TRELANE: Of course you have. After all, that's the root of the matter, isn't it? You fight for the attention, the admiration, the possession of women.

“He’s not a child! He’s 34.”

Trelane, and Kirk in order to trick him, treats Uhura and Ross as objects, prizes to be won through machismo and duels, and this idea of women is exposed as a fundamental part of those backward notions of martial honour and chivalry.

Because Trelane is a child, his joy at the violence of humanity reveals the childishness of war and misogyny. War and conquest are games played by the powerful without concern for the consequences to people without power. We know this because Trelane is all powerful and treats the Enterprise crew like playthings, caring about them only to the extent that they serve his cruel fantasies.

One star in space

The episode does all this with more subtlety than is characteristic of the show. This is helped along by making Trelane the star, not Kirk or Spock. In fact, rather than wax philosophical about the violence of the past and reach out for mutual understanding, (as Picard would certainly have done,) Kirk is uninterested in engaging in conversation at all with Trelane except for the purpose of escape. This is a problem in the writing of Kirk’s character since he’s doing terribly as a diplomat and even worse at someone whose stated mission is to seek out new life and new civilizations. But that’s not what the episode cares about at all. In fact, the more we get of Trelane and the less of Kirk, the better.

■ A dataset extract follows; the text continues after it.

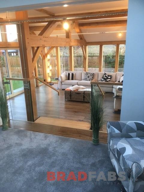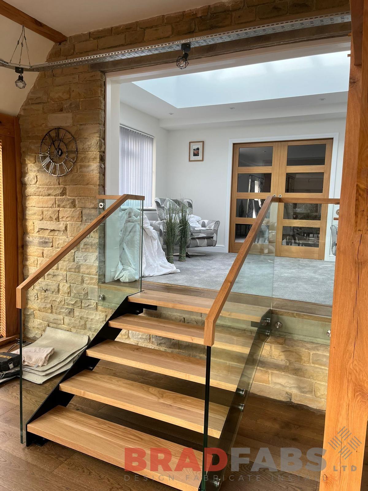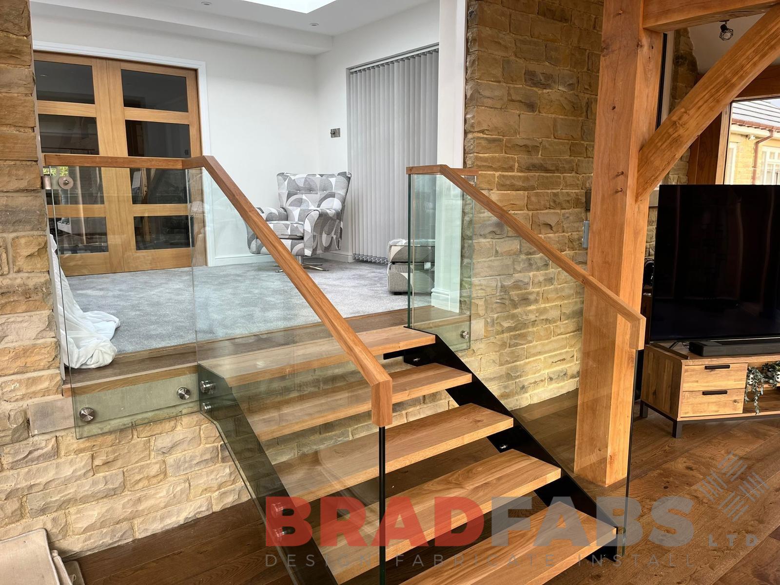1.2m wide small straight staircase with bolt on infinity glass balustrade and oak capping rail

Case in point comes at the end of the episode. After Trelane’s parents arrive for a Deus Ex Machina resolution, Spock asks Kirk to classify Trelane for official records. Rather than reflect on how humanity still has work to do to better itself—for that would mean confronting the colonialist nature of Kirk’s mission—Kirk makes excuses for Trelane:

SPOCK: For the record, how do we describe him? Pure mentality? Force of intellect? Embodied energy? Superbeing? He must be classified, sir.
KIRK: God of war, Mister Spock.
SPOCK: I hardly find that fitting.
KIRK: Then a small boy, and a very naughty one at that.
SPOCK: It will make a strange entry in the library banks.
KIRK: Then he was a very strange small boy. On the other hand, he was probably doing things comparable to the same mischievous pranks you played when you were a boy.
SPOCK: Mischievous pranks, Captain?
KIRK: Yes. Dipping little girls' curls in inkwells. Stealing apples from the neighbours' trees. Tying cans on…
(He's stopped by the look of horrified incredulity on Spock's face.)  

On the one hand, Kirk reinforces the episode’s irony by linking cruelty to childishness; on the other, he normalizes such behaviour. Fortunately, it’s Spock’s disgust at this attitude that carries the ending, making us realize that just as Trelane reveals the dangerous allure of romanticizing the past, so too might our regard for Kirk be misplaced as he is only a stagnant example of a dated idealism.